### WHAT IS EXPECTED
Every record below, from first to last, should be copied exactly; leave the pictures out.

### AVAILABLE DATA
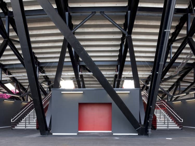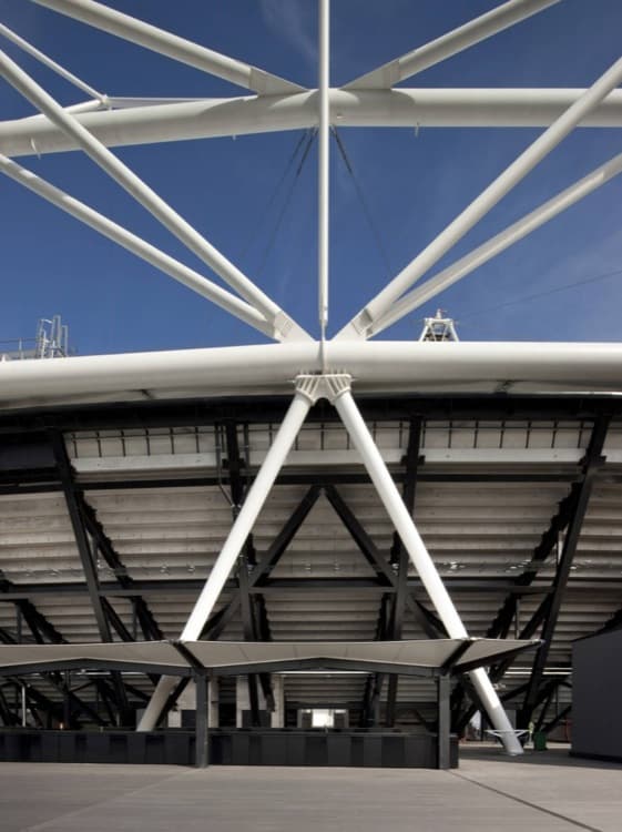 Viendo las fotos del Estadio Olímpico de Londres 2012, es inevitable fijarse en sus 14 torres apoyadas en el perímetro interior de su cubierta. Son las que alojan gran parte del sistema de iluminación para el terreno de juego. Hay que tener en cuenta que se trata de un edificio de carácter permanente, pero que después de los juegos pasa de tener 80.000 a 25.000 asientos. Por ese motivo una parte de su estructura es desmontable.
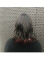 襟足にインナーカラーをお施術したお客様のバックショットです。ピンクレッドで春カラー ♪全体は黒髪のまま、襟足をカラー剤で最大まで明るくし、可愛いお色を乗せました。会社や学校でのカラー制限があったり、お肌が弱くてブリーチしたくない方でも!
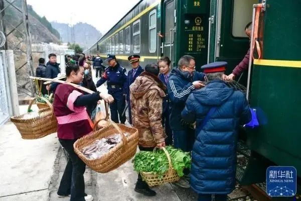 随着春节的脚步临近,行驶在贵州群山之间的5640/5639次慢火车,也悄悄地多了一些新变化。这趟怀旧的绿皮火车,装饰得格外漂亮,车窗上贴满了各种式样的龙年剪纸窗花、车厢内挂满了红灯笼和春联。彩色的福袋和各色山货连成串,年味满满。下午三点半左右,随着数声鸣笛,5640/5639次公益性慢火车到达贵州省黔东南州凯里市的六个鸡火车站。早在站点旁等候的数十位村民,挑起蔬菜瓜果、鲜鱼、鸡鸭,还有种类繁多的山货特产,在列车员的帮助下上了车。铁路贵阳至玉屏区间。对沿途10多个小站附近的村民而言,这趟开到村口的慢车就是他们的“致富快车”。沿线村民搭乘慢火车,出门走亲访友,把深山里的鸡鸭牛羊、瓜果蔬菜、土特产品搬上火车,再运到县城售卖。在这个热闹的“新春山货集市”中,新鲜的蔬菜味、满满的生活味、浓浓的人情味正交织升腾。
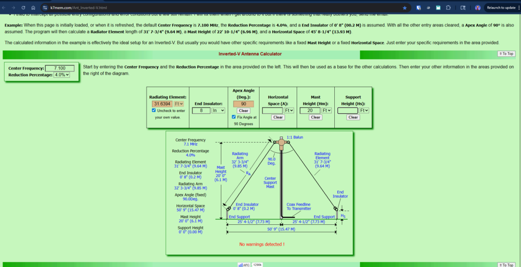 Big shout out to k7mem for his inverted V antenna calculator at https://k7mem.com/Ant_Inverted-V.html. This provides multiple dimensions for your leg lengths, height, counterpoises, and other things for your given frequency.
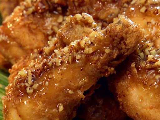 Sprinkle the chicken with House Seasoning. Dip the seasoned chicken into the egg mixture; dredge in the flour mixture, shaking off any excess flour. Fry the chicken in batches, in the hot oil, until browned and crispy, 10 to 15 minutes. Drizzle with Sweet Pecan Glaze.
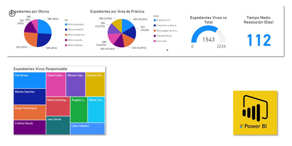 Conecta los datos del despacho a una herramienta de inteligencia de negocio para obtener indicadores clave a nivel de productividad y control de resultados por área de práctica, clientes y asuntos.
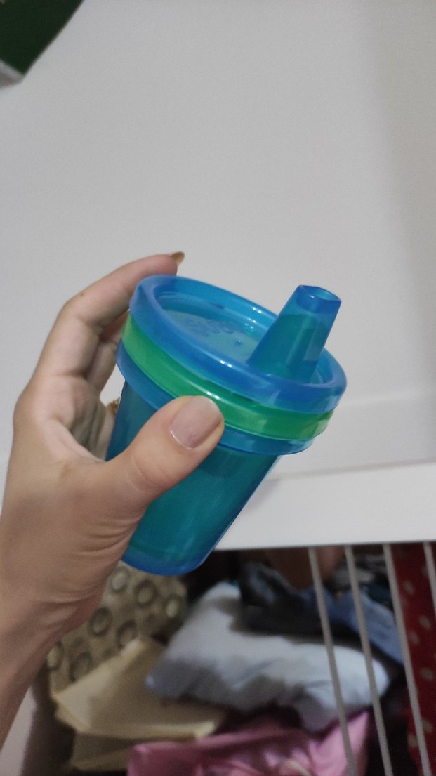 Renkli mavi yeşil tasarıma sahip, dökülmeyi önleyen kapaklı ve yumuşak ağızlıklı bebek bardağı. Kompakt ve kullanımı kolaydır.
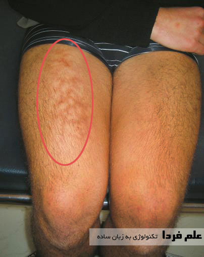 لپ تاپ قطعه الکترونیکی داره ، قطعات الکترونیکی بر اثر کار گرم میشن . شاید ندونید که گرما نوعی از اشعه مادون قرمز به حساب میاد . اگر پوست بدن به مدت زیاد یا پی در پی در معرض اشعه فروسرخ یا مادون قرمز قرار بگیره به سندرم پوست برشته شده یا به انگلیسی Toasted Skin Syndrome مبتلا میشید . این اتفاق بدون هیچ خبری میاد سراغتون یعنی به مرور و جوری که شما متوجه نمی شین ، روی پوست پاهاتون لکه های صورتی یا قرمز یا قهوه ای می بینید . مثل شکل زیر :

### OUTPUT
 Viendo las fotos del Estadio Olímpico de Londres 2012, es inevitable fijarse en sus 14 torres apoyadas en el perímetro interior de su cubierta. Son las que alojan gran parte del sistema de iluminación para el terreno de juego. Hay que tener en cuenta que se trata de un edificio de carácter permanente, pero que después de los juegos pasa de tener 80.000 a 25.000 asientos. Por ese motivo una parte de su estructura es desmontable.
 襟足にインナーカラーをお施術したお客様のバックショットです。ピンクレッドで春カラー ♪全体は黒髪のまま、襟足をカラー剤で最大まで明るくし、可愛いお色を乗せました。会社や学校でのカラー制限があったり、お肌が弱くてブリーチしたくない方でも!
 随着春节的脚步临近,行驶在贵州群山之间的5640/5639次慢火车,也悄悄地多了一些新变化。这趟怀旧的绿皮火车,装饰得格外漂亮,车窗上贴满了各种式样的龙年剪纸窗花、车厢内挂满了红灯笼和春联。彩色的福袋和各色山货连成串,年味满满。下午三点半左右,随着数声鸣笛,5640/5639次公益性慢火车到达贵州省黔东南州凯里市的六个鸡火车站。早在站点旁等候的数十位村民,挑起蔬菜瓜果、鲜鱼、鸡鸭,还有种类繁多的山货特产,在列车员的帮助下上了车。铁路贵阳至玉屏区间。对沿途10多个小站附近的村民而言,这趟开到村口的慢车就是他们的“致富快车”。沿线村民搭乘慢火车,出门走亲访友,把深山里的鸡鸭牛羊、瓜果蔬菜、土特产品搬上火车,再运到县城售卖。在这个热闹的“新春山货集市”中,新鲜的蔬菜味、满满的生活味、浓浓的人情味正交织升腾。
 Big shout out to k7mem for his inverted V antenna calculator at https://k7mem.com/Ant_Inverted-V.html. This provides multiple dimensions for your leg lengths, height, counterpoises, and other things for your given frequency.
 Sprinkle the chicken with House Seasoning. Dip the seasoned chicken into the egg mixture; dredge in the flour mixture, shaking off any excess flour. Fry the chicken in batches, in the hot oil, until browned and crispy, 10 to 15 minutes. Drizzle with Sweet Pecan Glaze.
 Conecta los datos del despacho a una herramienta de inteligencia de negocio para obtener indicadores clave a nivel de productividad y control de resultados por área de práctica, clientes y asuntos.
 Renkli mavi yeşil tasarıma sahip, dökülmeyi önleyen kapaklı ve yumuşak ağızlıklı bebek bardağı. Kompakt ve kullanımı kolaydır.
 لپ تاپ قطعه الکترونیکی داره ، قطعات الکترونیکی بر اثر کار گرم میشن . شاید ندونید که گرما نوعی از اشعه مادون قرمز به حساب میاد . اگر پوست بدن به مدت زیاد یا پی در پی در معرض اشعه فروسرخ یا مادون قرمز قرار بگیره به سندرم پوست برشته شده یا به انگلیسی Toasted Skin Syndrome مبتلا میشید . این اتفاق بدون هیچ خبری میاد سراغتون یعنی به مرور و جوری که شما متوجه نمی شین ، روی پوست پاهاتون لکه های صورتی یا قرمز یا قهوه ای می بینید . مثل شکل زیر :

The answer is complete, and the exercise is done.